- Barr in 1966
- Born: January 4, 1919 Tacoma, Washington, US
- Died: June 23, 1993 (aged 74)
- Education: Wilberforce University; University of Washington;
- Occupations: Educator, librarian, television presenter

= Roberta Byrd Barr =

African American educator, civil rights leader, librarian, and television personality

Roberta Byrd Barr (January 4, 1919 – June 23, 1993) was an American civil rights activist, television personality, educator, and librarian. From the mid-1960s to the early 1970s, she hosted a weekly Seattle television show, Face to Face, which featured guest speakers discussing issues such as race, education, and welfare. In 1973 she became the first woman principal of a high school in Seattle.

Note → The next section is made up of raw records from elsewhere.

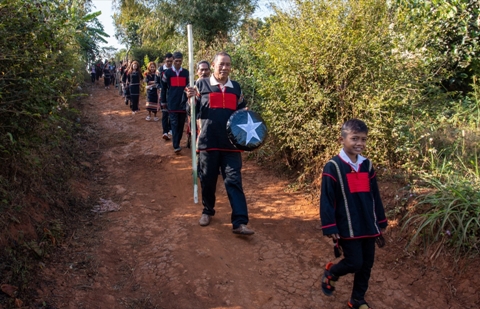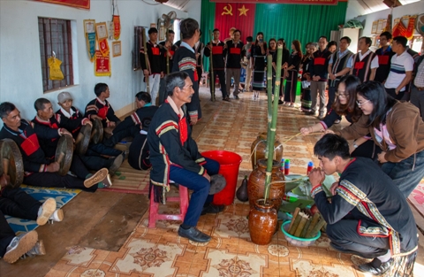 Mọi người cùng nhau về Nhà cộng đồng tiếp tục thực hiện các nghi thức và thưởng thức rượu cần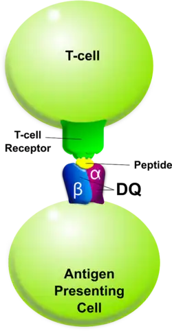 When tolerance to self proteins is lost, DQ may become involved in autoimmune disease. Two autoimmune diseases in which HLA-DQ is involved are coeliac disease and type 1 diabetes. DQ mediates autoimmunity by skewing the T-cell receptor (TCR) repertoire during thymic selection.[1] Carriers of risk serotypes such as DQ8 have a higher proportion of circulating T-cell receptors that may bind insulin, the primary autoantigen in type 1 diabetes.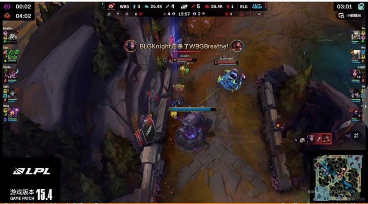 【15:57】Breathe纳尔又被BLG三人越塔强杀连续阵亡!WBG先锋团打残Wei潘森,收下峡谷先锋!
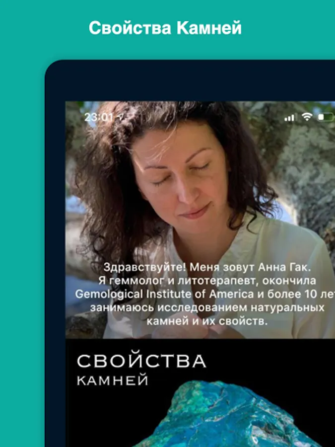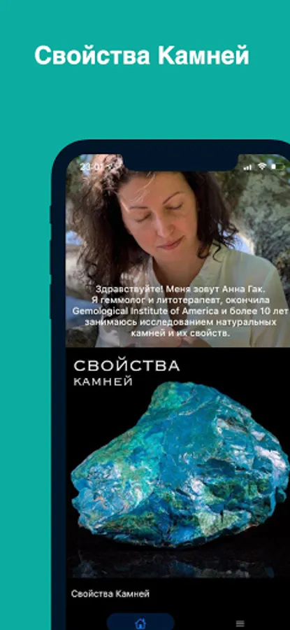This application is for those who sincerely love stones and feel their special connection with them. Inside you will find a selection of materials and one of the world's best lithotherapists and stone specialists Anna Gack.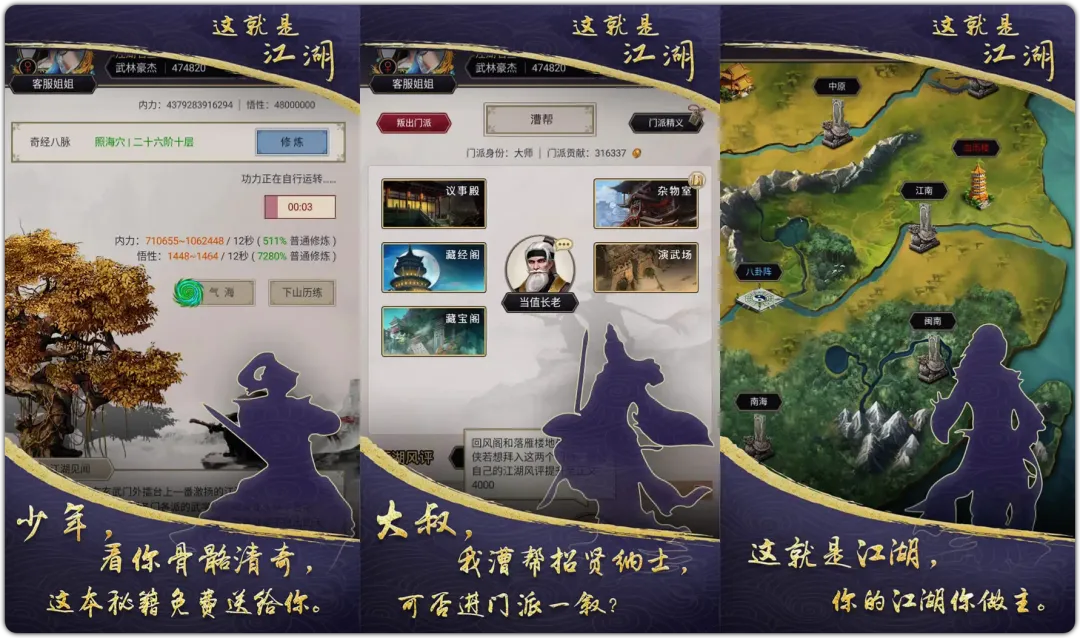 高自由度文字武侠梦!以水墨风呈现的文字武侠RPG,玩家化身江湖侠客,千门百派、十八般武学任意选择,游历江湖、解锁奇遇。放置挂机就能探索秘境,搭配快意恩仇的武侠剧情,沉浸式体验江湖人生。摸鱼时挂着机,就能解锁武林秘籍,闯出自己的江湖路!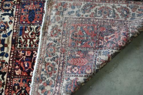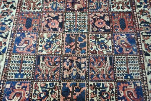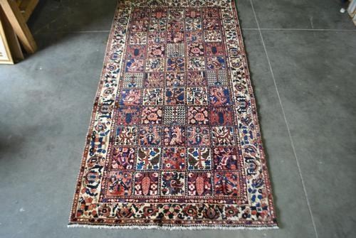Finely done hand woven hybrid design Persian Bakhtiari runner is what you are about to bid.Size 9.8 X 5 feet, made of fine quality lamb's wool pile on cotton foundation, all natural vegetable dye, incorporating a hybrid design that incorporates both floral and hunting motifs on a dark background; center row of medallions and an intricately done floral border. Hand woven in Bakhtiari, Iran.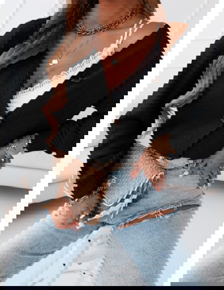 Czarny sweter zapinany na guziki Hausis Sweter ma długie rękawy, które zapewniają ciepło i wygodę. Idealny zarówno do noszenia na co dzień, jak i do bardziej formalnych okazji.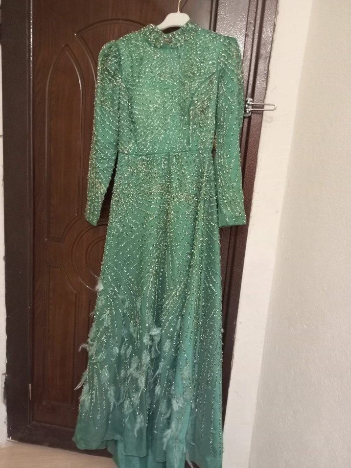Uzun Kollu İşlemeli Yeşil Abiye Elbise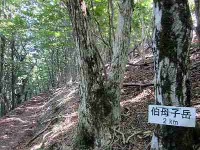 林道がいい道だったので思ったより早く登山口に到着。 この登山口付近の路肩に4台ほどの駐車スペースがあります。 さて、伯母子岳へ向けて出発です。伯母子岳まで5.6kmと表示されていました。 〔奥千丈林道登山口 発=8:30〕 |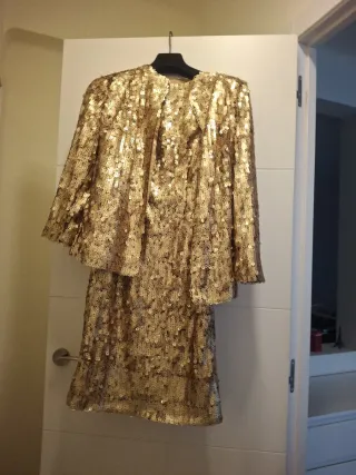 Elegante conjunto de dos piezas compuesto por un vestido y una chaqueta. - Diseño brillante con lentejuelas. - Color dorado llamativo.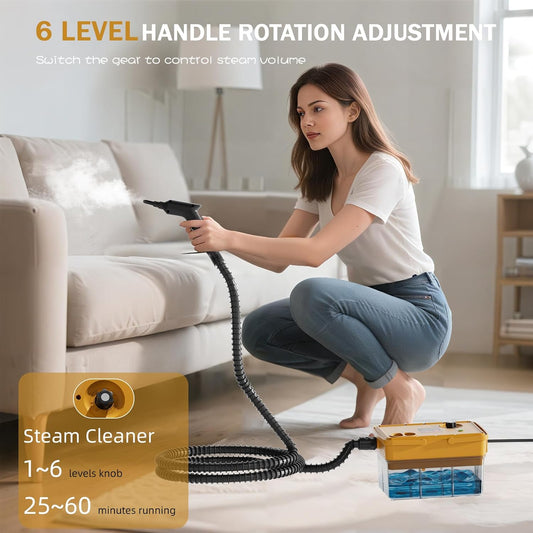 Handheld Pressurized Steam Cleaner, 6-Level Adjustable Handle 20s Heat-Up Big Tank, Portable Steamer for Cleaning Stubborn Dirt Grease Tile Grout Floor Car (Black/Yellow)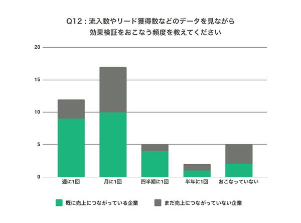 また効果検証の頻度も「週に1回~月に1回」が7割以上ながら、成果との関連性はあまり見受けられなかった。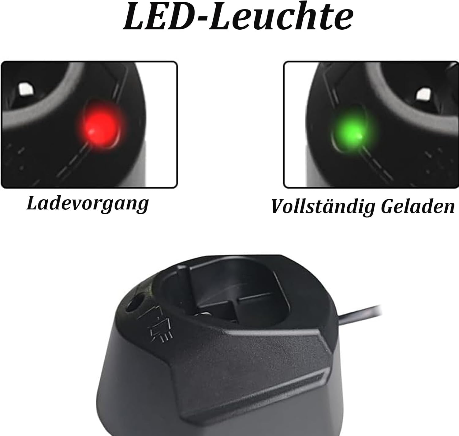 - Sichtbare Status-Kontrolle: Die intuitive LED-Anzeige zeigt dir ohne Rätselraten an, ob der Akku noch lädt oder bereits vollständig einsatzbereit für den nächsten Einsatz ist.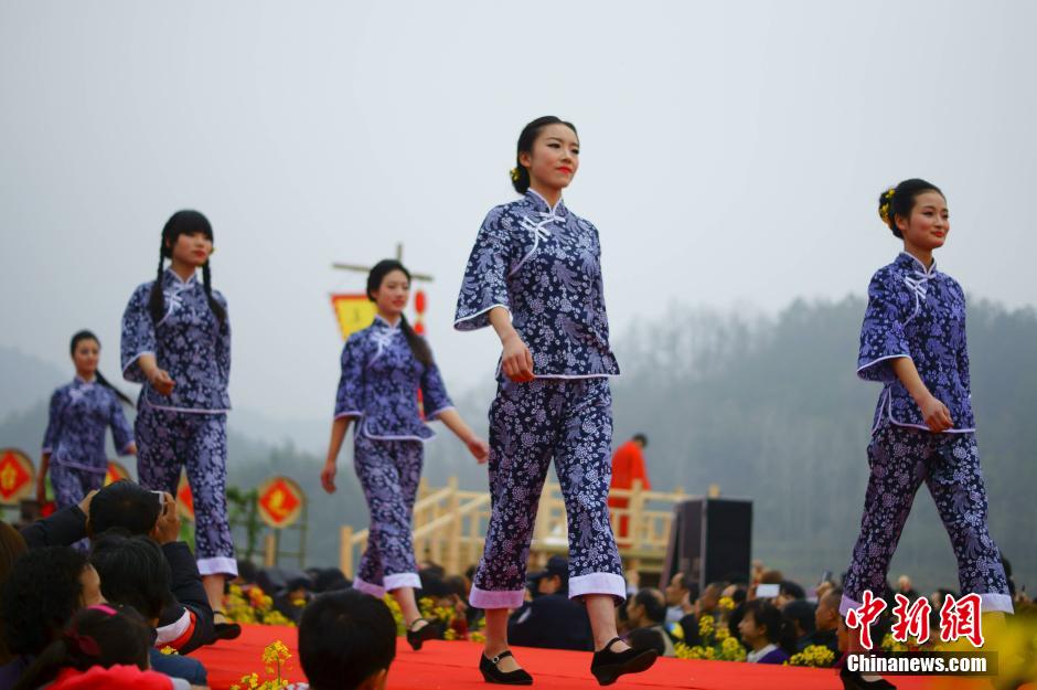 (原标题:湖北宜昌油菜花节上演乡村T台服装秀)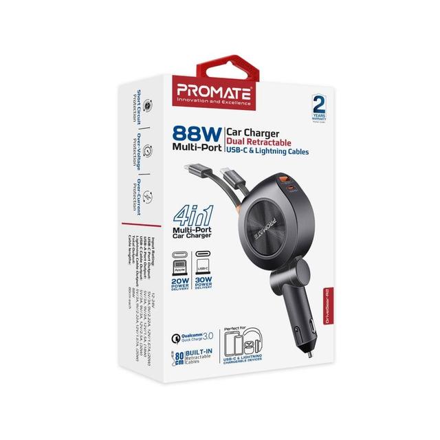 DriveGear‑R2 – 88W Multi‑Port Car Charger with Dual Retractable USB‑C & Lightning Cables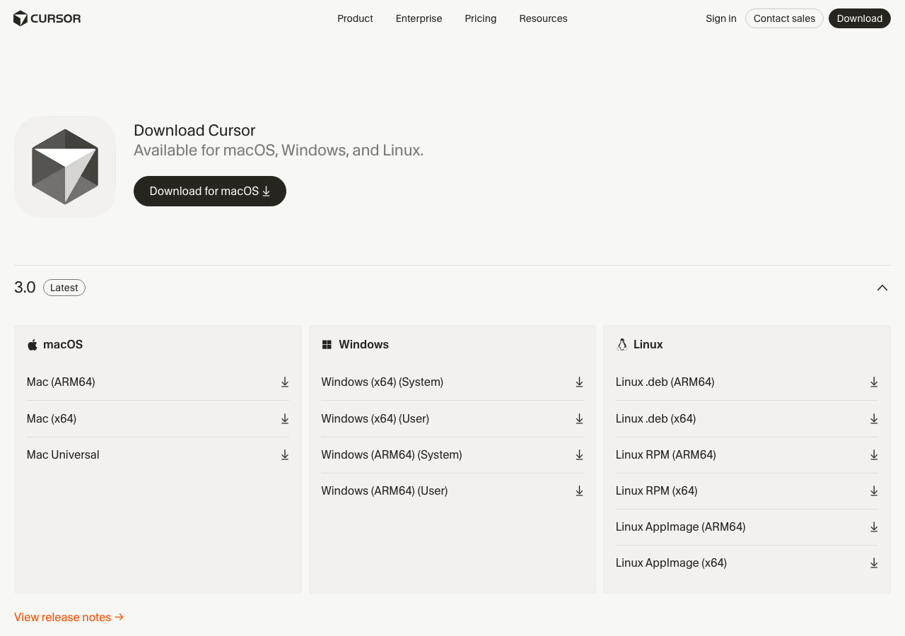 brew install --cask cursor) - Windows: x64 Userインストーラーが個人PCには基本。WinGetも使える(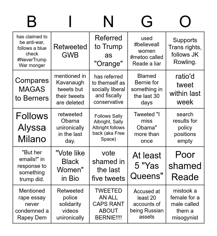 This bingo card has a free space and 24 words: "Vote like Black Women" in Bio, Retweeted police solidarity videos unironically, has referred to themself as socially liberal and fiscally conservative, Mentioned rape essay never condemned a Rapey Dem, Supports Trans rights, follows JK Rowling., has claimed to be anti-war, follows a blue check #NeverTrump War monger, Compares MAGAS to Berners, Retweeted GWB, Tweeted "I miss Obama" more than once, vote shamed in the last five tweets, Blamed Bernie for something in the last 30 days, Follows Alyssa Milano, At least 5 "Yas Queens", Poor shamed Reade, mentioned in Kavanaugh tweets but their tweets are deleted, Accused at least 20 accounts of being Russian assets, search results for policy positions empty, Referred to Trump as "Orange", ratio'd tweet within last week, retweeted Obama unironically in the last day., mistook a female for a male called them a misogynist, "But her emails!" in response to something trump did., used #believeall women #metoo called Reade a liar and TWEETED AN ALL CAPS RANT ABOUT BERNIE!!!!.

==Early life and education==
Roberta Spencer was born in Tacoma, Washington on January 4, 1919.

She attended Lincoln High School and Wilberforce University. She also attended the New School of Social Research. She later earned a bachelor's degree in sociology and elementary education as well as a master's degree in librarianship from the University of Washington.

==Career as educator and librarian==
Barr worked as a teacher and librarian in a number of schools within Seattle. During the Seattle school boycott of 1966, she headed one of the Freedom Schools that were set up in protest of the lack of progress towards desegregation. That same year, she was appointed to the Washington State Board Against Discrimination.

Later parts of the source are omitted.